Any solution to this ???
Line 74:
return Observable.throw(err);
@cholshwor I think I have your problem before which the refreshAccesssToken() didn't fire HTTP request.
Since I am using Angular 7 with RxJs 6.4, the syntax for the Observable operator is a bit different from above. When I convert the code, I haven't caught the 401 properly. It appears that the refreshAccessToken() didn't fire HTTP request, but in fact, the error returned to the original request subscriber and stopped further processing.
In short, it maybe worth checking whether the 401 is caught.

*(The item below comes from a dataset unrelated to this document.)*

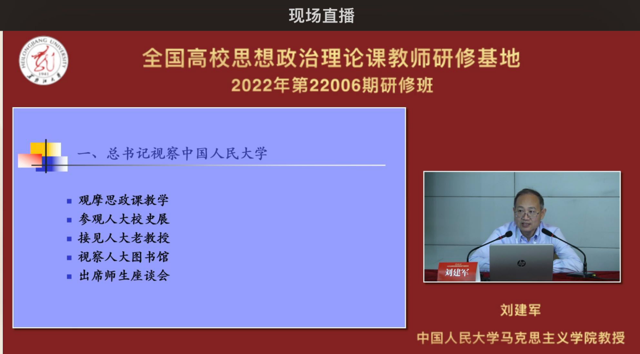 黑马克思主义学院党总支书记王培军宣读了研修纪律并预祝本次研修圆满成功。随后,王秋院长宣布开班式结束,培训研修工作正式开始。此次研修培训的理论教学全程在教育部基地研修平台同步直播,受到全国思政课教师的广泛关注。

In RxJs 6.4, my code looks like below:
intercept(request: HttpRequest<any>, next: HttpHandler): Observable<HttpEvent<any>> { // pre request logic return next.handle(requestWithToken(token)).pipe( tap( (event) => { // post request logic }), catchError( ( error ) => { if (error.status == 401) { return refreshTokenRequest().pipe(switchMap((newToken) => next.handle(requestWithToken(newToken))) } return Observable.throw(error); }) }
@abereghici
return next.handle(request).catch(error => {Above will always throw 401 for secured endpoint, you should add authentication token to request.